如何提高Lucene.net的索引速度

本文关键字：索引速度 net 何提高 Lucene | 更新日期: 2023-09-27 17:59:13

我正在使用lucene.net为我的pdf文件编制索引。索引15000个pdf文件大约需要40分钟，并且索引时间随着文件夹中pdf文件数量的增加而增加。

如何提高lucene.net中的索引速度
是否有其他具有快速索引性能的索引服务

我使用的是最新版本的lucene.net索引（lucene.net 3.0.3）

这是我的索引代码。

public void refreshIndexes() 
        {
            // Create Index Writer
            string strIndexDir = @"E:'LuceneTest'index";
            IndexWriter writer = new IndexWriter(Lucene.Net.Store.FSDirectory.Open(new System.IO.DirectoryInfo(strIndexDir)), new StandardAnalyzer(Lucene.Net.Util.Version.LUCENE_29), true, IndexWriter.MaxFieldLength.UNLIMITED);
            // Find all files in root folder create index on them
            List<string> lstFiles = searchFiles(@"E:'LuceneTest'PDFs");
            foreach (string strFile in lstFiles)
            {
                Document doc = new Document();
                string FileName = System.IO.Path.GetFileNameWithoutExtension(strFile);
                string Text = ExtractTextFromPdf(strFile);
                string Path = strFile;
                string ModifiedDate = Convert.ToString(File.GetLastWriteTime(strFile));
                string DocumentType = string.Empty;
                string Vault = string.Empty;
                string headerText = Text.Substring(0, Text.Length < 150 ? Text.Length : 150);
                foreach (var docs in ltDocumentTypes)
                {
                    if (headerText.ToUpper().Contains(docs.searchText.ToUpper()))
                    {
                        DocumentType = docs.DocumentType;
                        Vault = docs.VaultName; ;
                    }
                }
                if (string.IsNullOrEmpty(DocumentType))
                {
                    DocumentType = "Default";
                    Vault = "Default";
                }
                doc.Add(new Field("filename", FileName, Field.Store.YES, Field.Index.ANALYZED));
                doc.Add(new Field("text", Text, Field.Store.YES, Field.Index.ANALYZED));
                doc.Add(new Field("path", Path, Field.Store.YES, Field.Index.NOT_ANALYZED));
                doc.Add(new Field("modifieddate", ModifiedDate, Field.Store.YES, Field.Index.ANALYZED));
                doc.Add(new Field("documenttype", DocumentType, Field.Store.YES, Field.Index.ANALYZED));
                doc.Add(new Field("vault", Vault, Field.Store.YES, Field.Index.ANALYZED));
                writer.AddDocument(doc);
            }
            writer.Optimize();
            writer.Dispose();
        }

如何提高Lucene.net的索引速度

索引部分看起来不错。请注意，IndexWriter是线程安全的，因此如果您在多核计算机上，使用Parallel.Foreach（MaxConcurrent设置为核数。使用此值）可能会有所帮助。

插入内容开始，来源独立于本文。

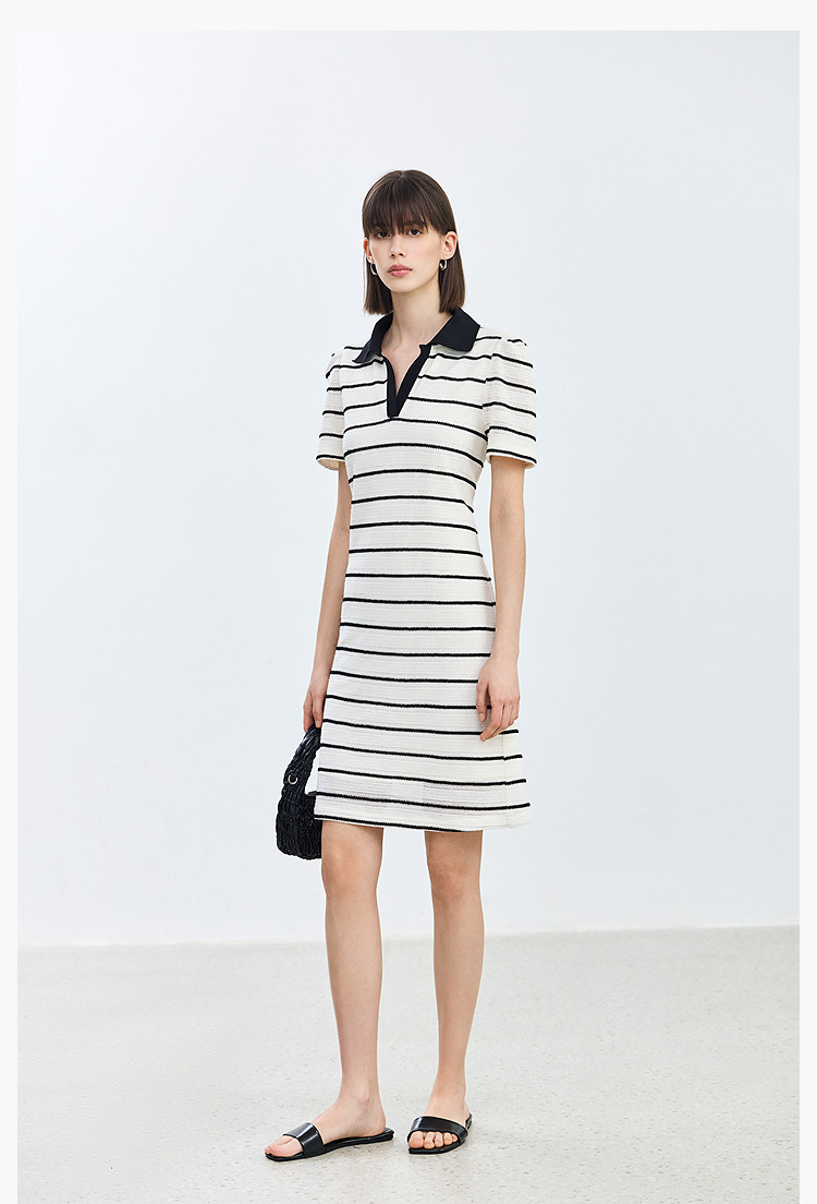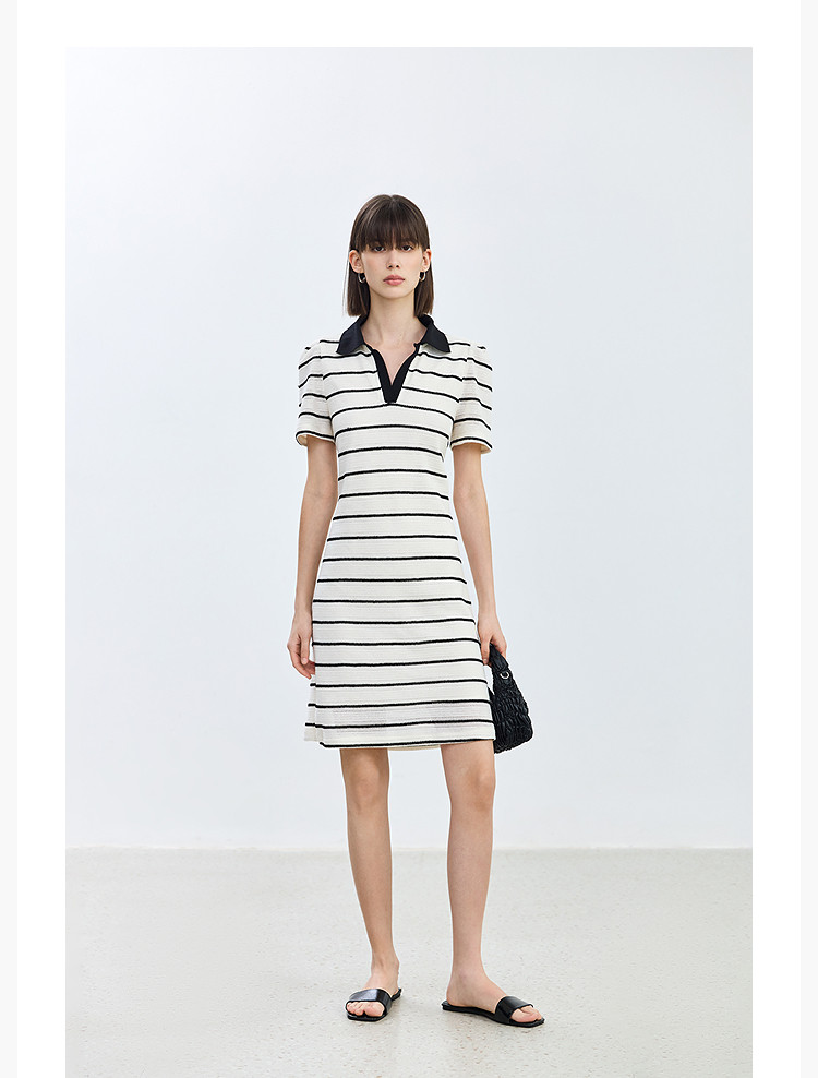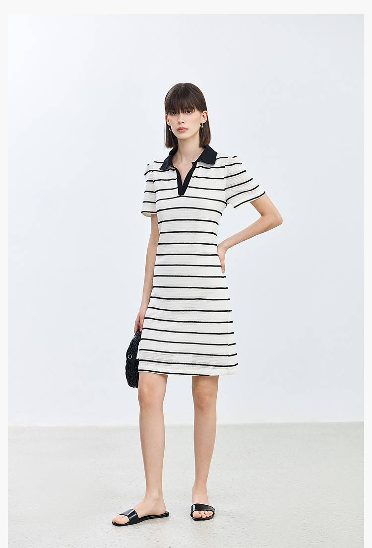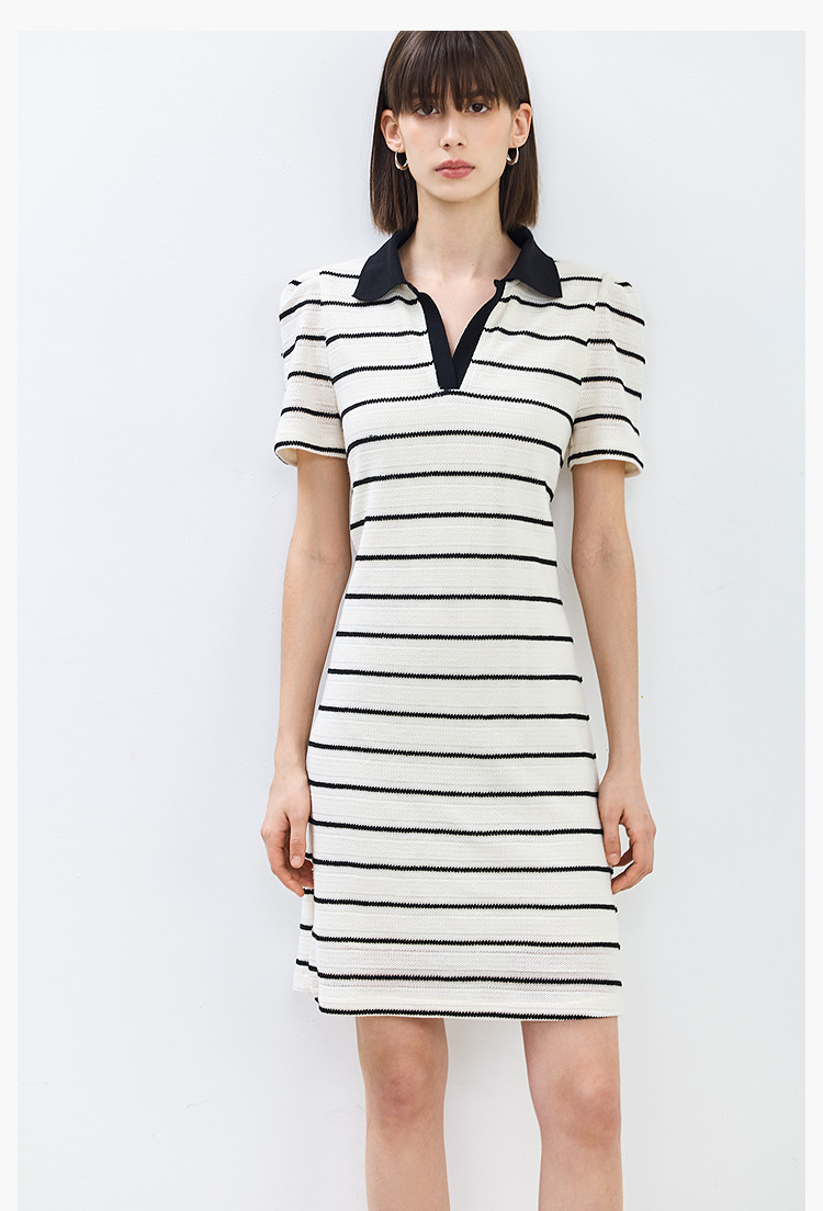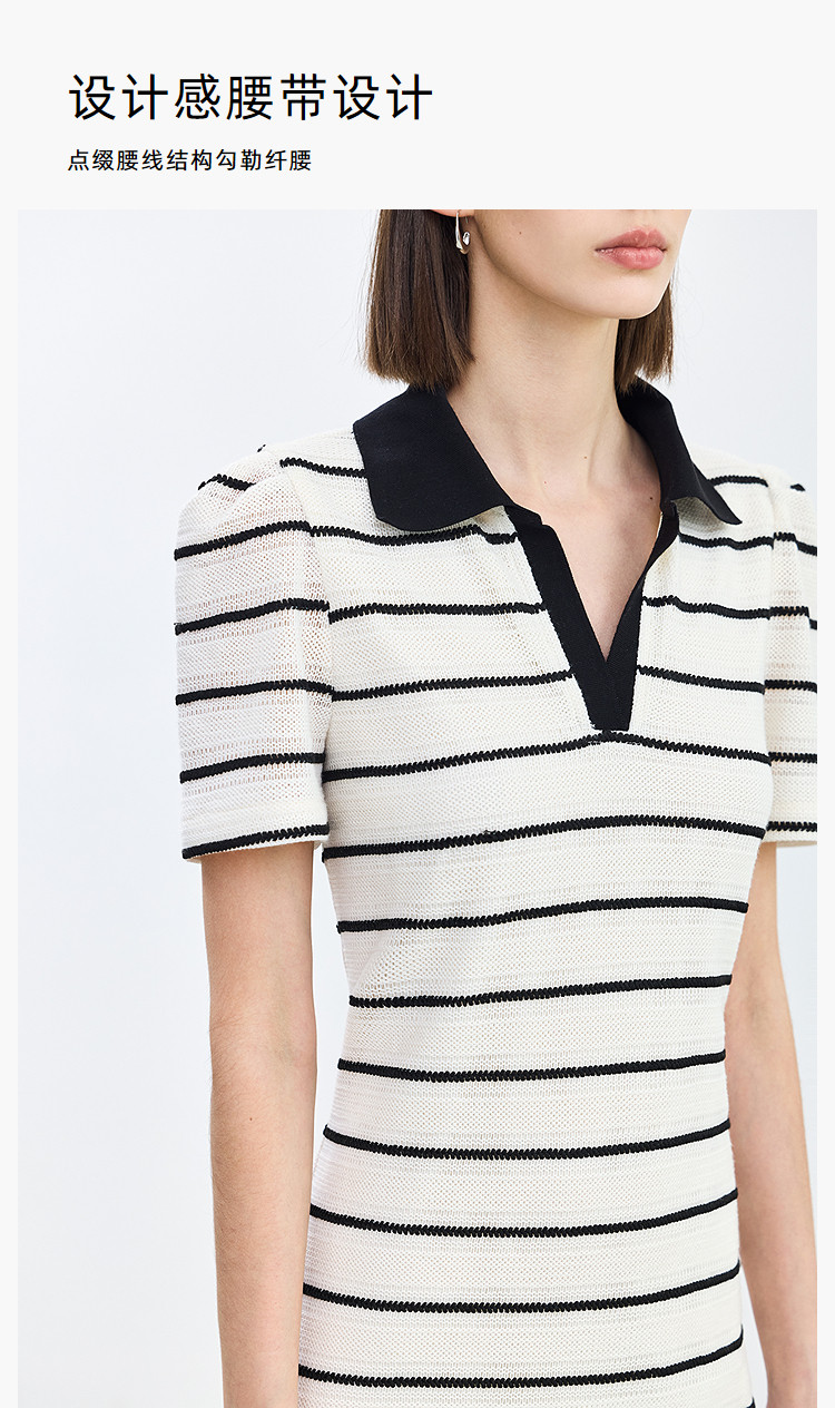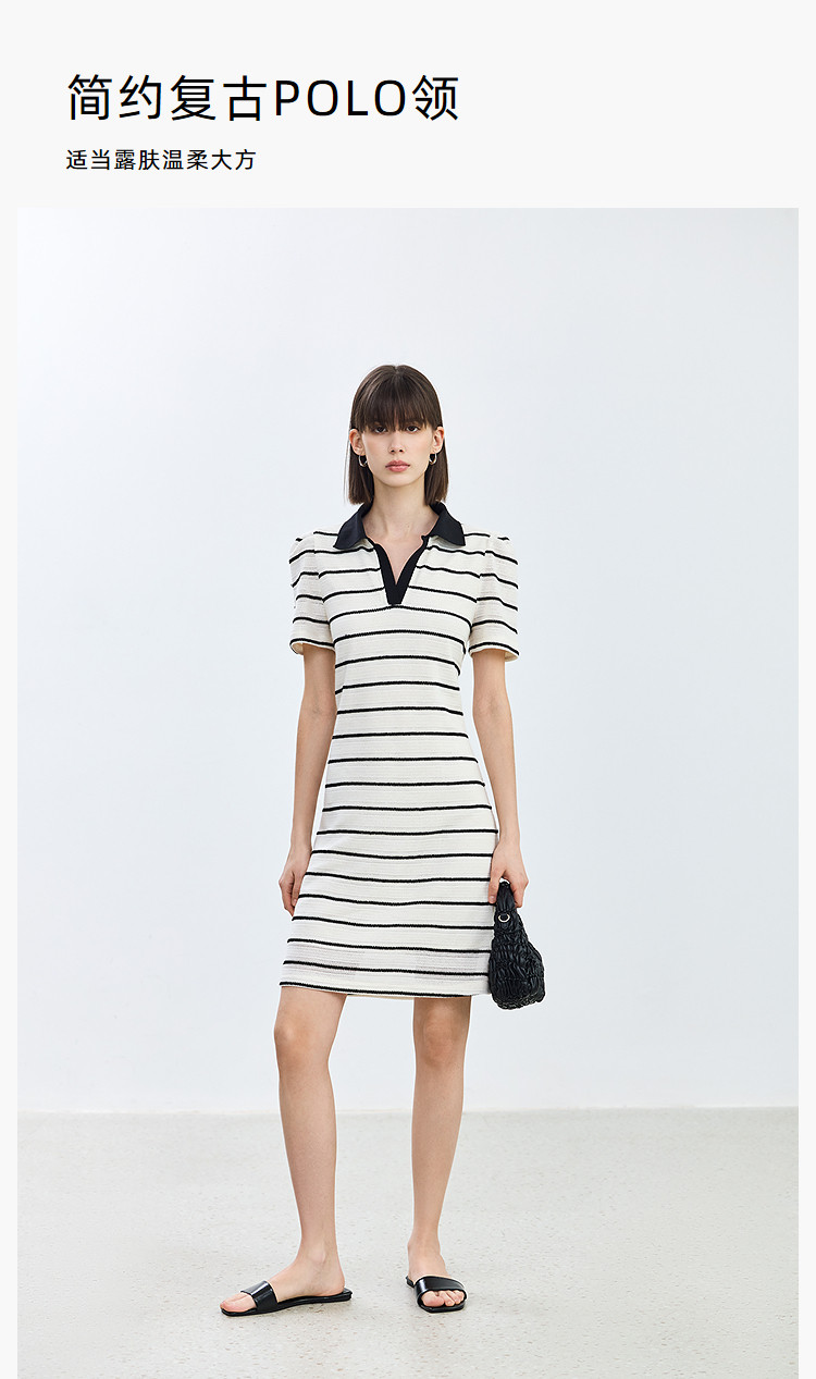 商品名称:夏季女舒适全棉复古条纹显瘦POLO连衣裙子女 062875

但是文档类型检测部分让GC变得疯狂。所有的ToUpper（）都很痛苦。

在lstFiles循环之外。以大写创建ltDocumentTypes.searchText的副本

var upperDocTypes = ltDocumentTypes.Select(x=>x.searchText.ToUpper()).ToList();

在文档类型循环之外创建另一个字符串
```
string headerTestUpper = headerText.ToUpper();
```

当它找到匹配"中断"时。一旦找到匹配项，就会退出循环，并阻止所有后续迭代。当然，这意味着第一场比赛，而你的比赛是最后一场比赛（如果这对你有影响的话）

string headerText = Text.Substring(0, Text.Length < 150 ? Text.Length : 150);
foreach (var searchText in upperDocTypes)
{
    if (headerTextUpper.Contains(searchText))
    {
        DocumentType = docs.DocumentType;
        Vault = docs.VaultName;
        break;
    }
}

根据ltDocumentTypes的大小，这可能不会给您带来太多改进。

我敢打赌，最昂贵的部分是ExtractTextFromPdf。通过探查器运行此操作或使用一些StopWatches进行检测，可以确定成本所在。